Prompt: Copy, word for word, the lines of the listing below from the line with "awareness ranked lowest." up to and including the line with "使用 Cheat Engine". Drop the pictures.
(Source material begins)
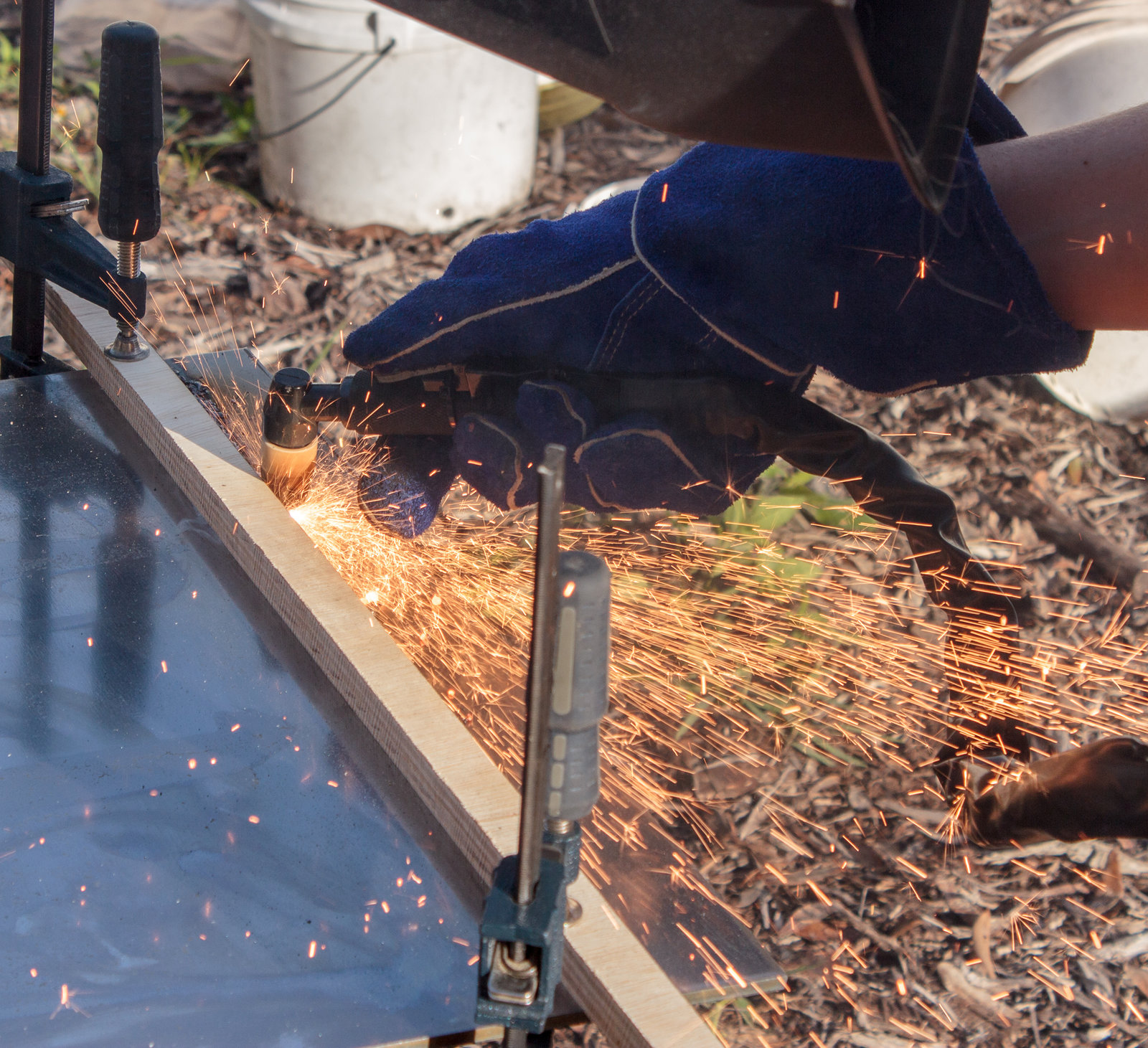 Plasma cutting can leave somewhat of a rough edge, but all the edges need to be cleaned up anyway. An angle grinder makes quick work of this.
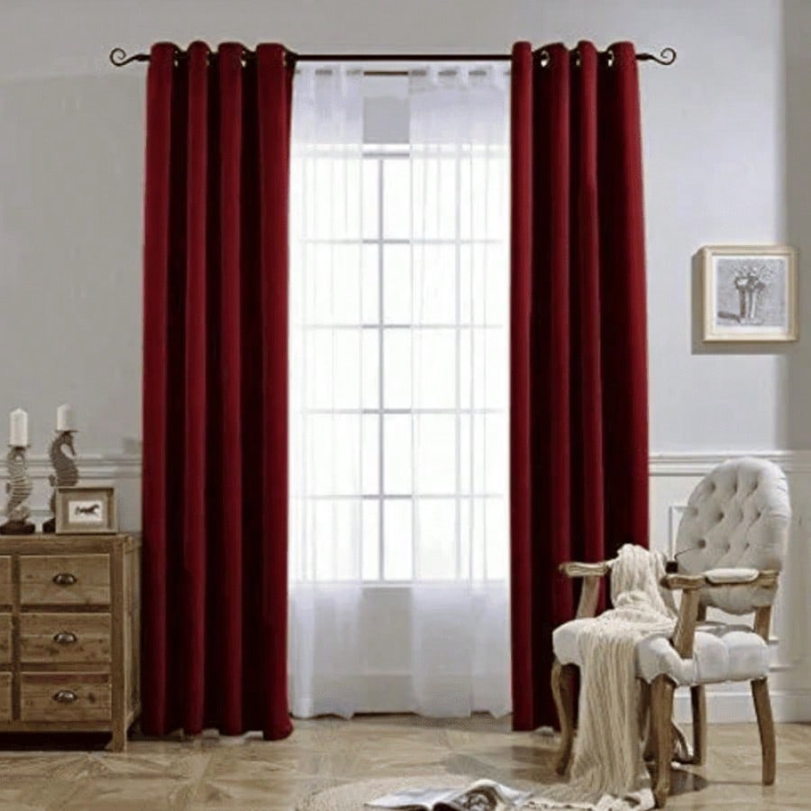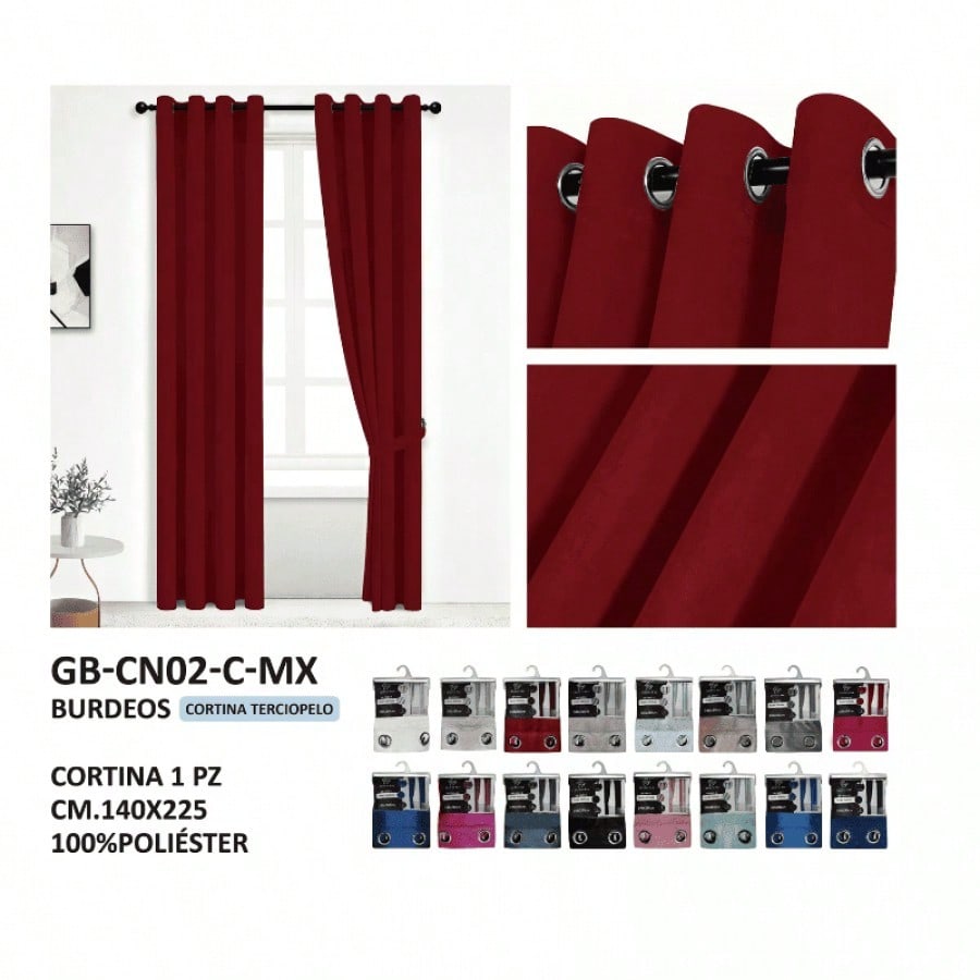 Cortinas vino con estilo moderno y ollaos para barra. Color profundo y acogedor que añade elegancia y calidez al espacio, ideal para crear ambientes íntimos con personalidad definida.
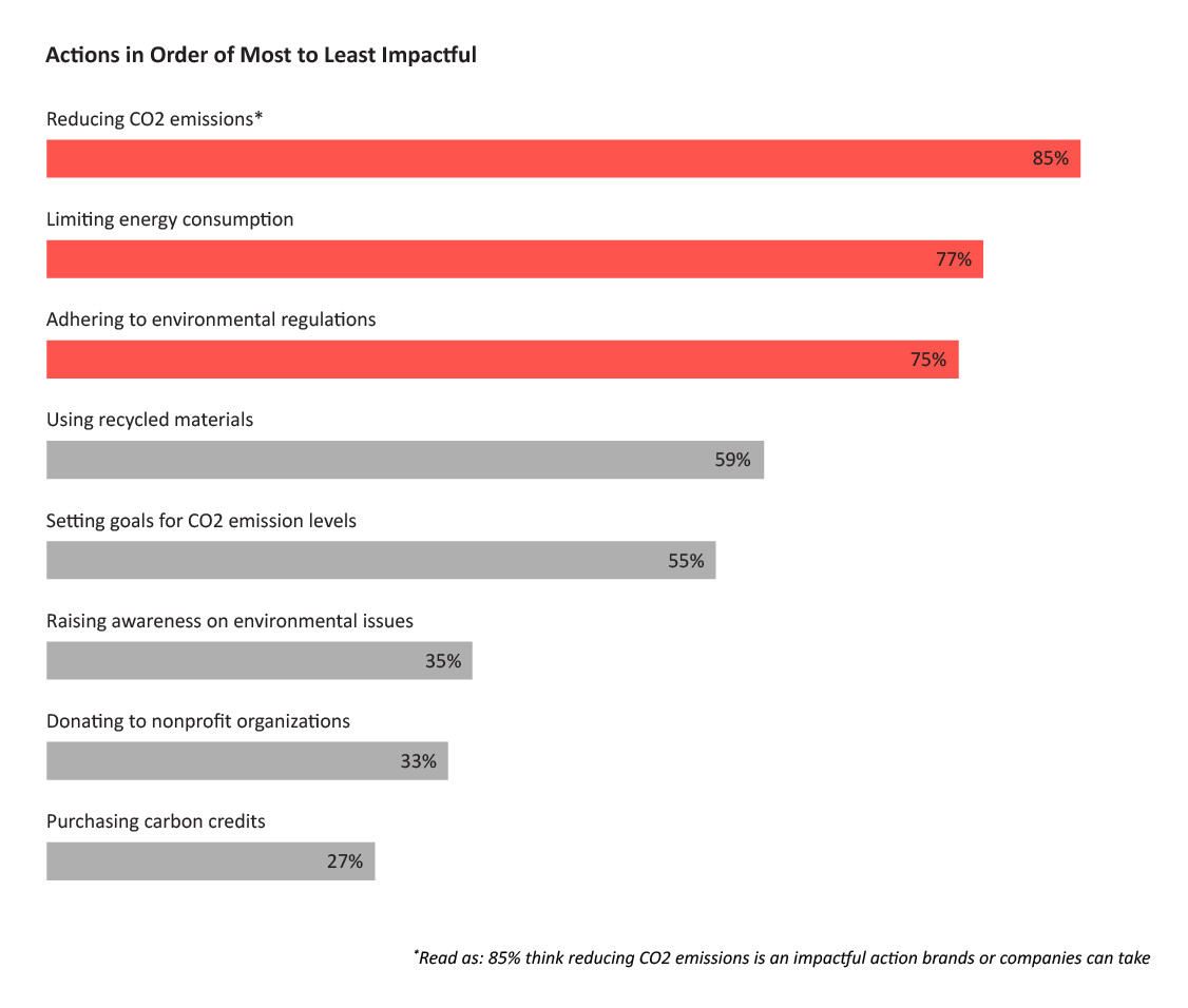 • They don’t want brands to simply support environmental sustainability, they want them to take action to be environmentally sustainable. There’s a clear hierarchy of actions brands can take to be perceived as impactful by consumers: reducing CO2 emissions, limiting energy consumption, and adhering to environmental regulations ranked highest. Brands can’t just “buy” their way out — purchasing carbon credits, donations, and raising awareness ranked lowest.
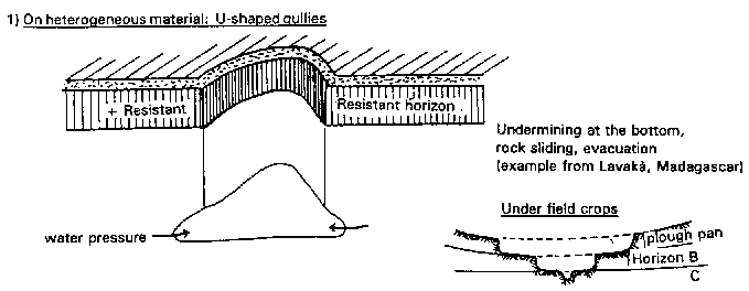 1) On heterogeneous material: U-shaped gullies
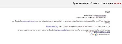 בשעות אחר הצהריים היום (ש') חוו משתמשי מנוע החיפוש הפופולרי בעולם תקלה מוזרה: כל אתר המופיע בתוצאות החיפוש, נמצא תחת אזהרה כי "אתר זה עלול להזיק למחשב שלך". מקורה של אזהרה זו הוא במנגנון ייעוץ האתרים של גוגל, אשר נועד להתריע על אתרים המזוהים כמסוכנים - אתרי פישינג (דליית פרטים), גניבת זהות, אתרים המפיצים וירוסים או ספאם וכיוצא באלה.
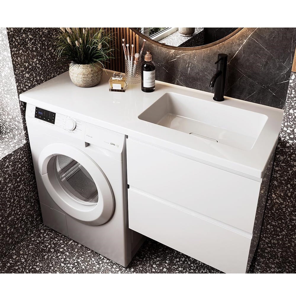 Тумба в ванную Snail Барнео 570х490 P подвесная, с умывальником Аляска 120, белая
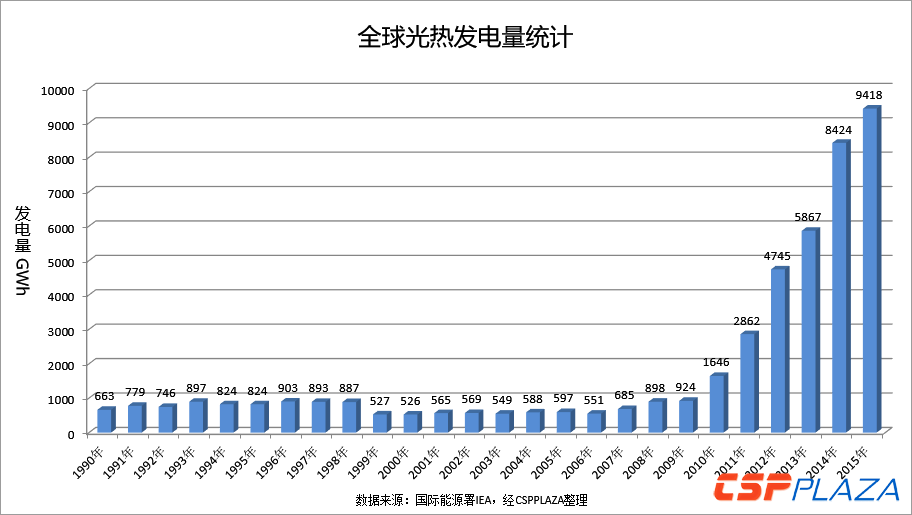 光熱發(fā)電自1980年代邁入商業(yè)化進(jìn)程已30多年,其在全球電力供應(yīng)結(jié)構(gòu)中的地位逐步提升,從1990年到2015年,全球光熱發(fā)電的總發(fā)電量由663GWh增加到9418GWh,增幅1320%。
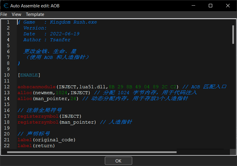 使用 Cheat Engine 修改 Kingdom Rush 中的金钱、生命、星 代码注入:在程序运行时,将自己写的代码,替换掉原有的代码AOB:(Array Of Byte)在内存中搜索特定的一串数据,以决定注入代码的位置人造指针:单独找个地方,记录变量所在的地址
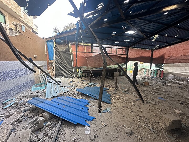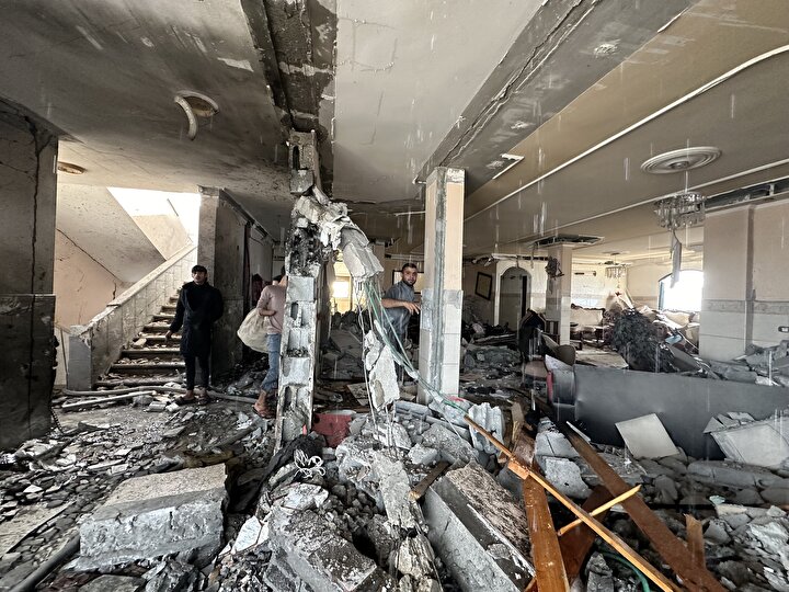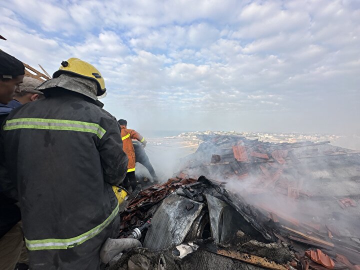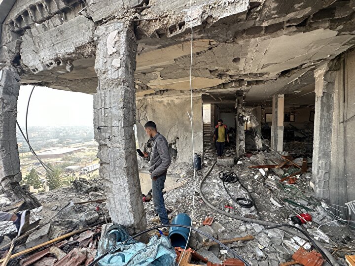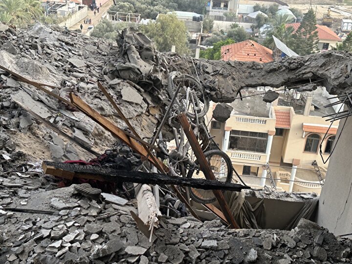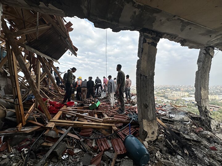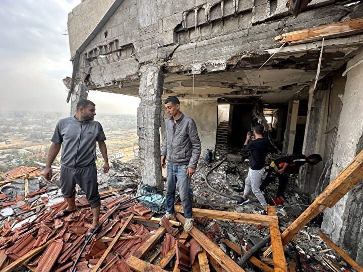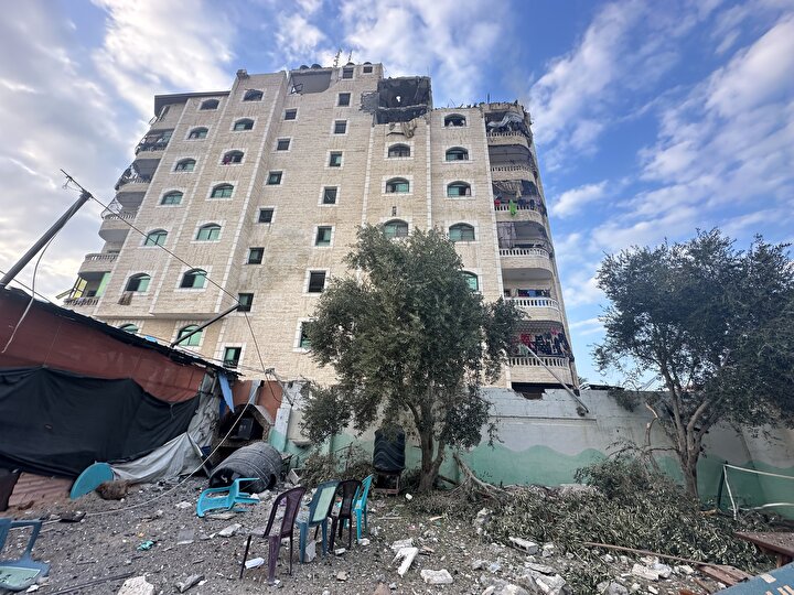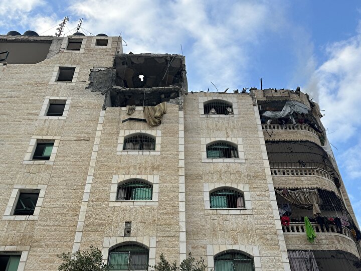 İsrail'in Gazze Şeridi'nin orta kesimindeki Nuseyrat Mülteci Kampı'na düzenlediği saldırıda, Burc Muştihi binası ağır hasar gördü.
(Source material ends)
Task result:
 • They don’t want brands to simply support environmental sustainability, they want them to take action to be environmentally sustainable. There’s a clear hierarchy of actions brands can take to be perceived as impactful by consumers: reducing CO2 emissions, limiting energy consumption, and adhering to environmental regulations ranked highest. Brands can’t just “buy” their way out — purchasing carbon credits, donations, and raising awareness ranked lowest.
 1) On heterogeneous material: U-shaped gullies
 בשעות אחר הצהריים היום (ש') חוו משתמשי מנוע החיפוש הפופולרי בעולם תקלה מוזרה: כל אתר המופיע בתוצאות החיפוש, נמצא תחת אזהרה כי "אתר זה עלול להזיק למחשב שלך". מקורה של אזהרה זו הוא במנגנון ייעוץ האתרים של גוגל, אשר נועד להתריע על אתרים המזוהים כמסוכנים - אתרי פישינג (דליית פרטים), גניבת זהות, אתרים המפיצים וירוסים או ספאם וכיוצא באלה.
 Тумба в ванную Snail Барнео 570х490 P подвесная, с умывальником Аляска 120, белая
 光熱發(fā)電自1980年代邁入商業(yè)化進(jìn)程已30多年,其在全球電力供應(yīng)結(jié)構(gòu)中的地位逐步提升,從1990年到2015年,全球光熱發(fā)電的總發(fā)電量由663GWh增加到9418GWh,增幅1320%。
 使用 Cheat Engine 修改 Kingdom Rush 中的金钱、生命、星 代码注入:在程序运行时,将自己写的代码,替换掉原有的代码AOB:(Array Of Byte)在内存中搜索特定的一串数据,以决定注入代码的位置人造指针:单独找个地方,记录变量所在的地址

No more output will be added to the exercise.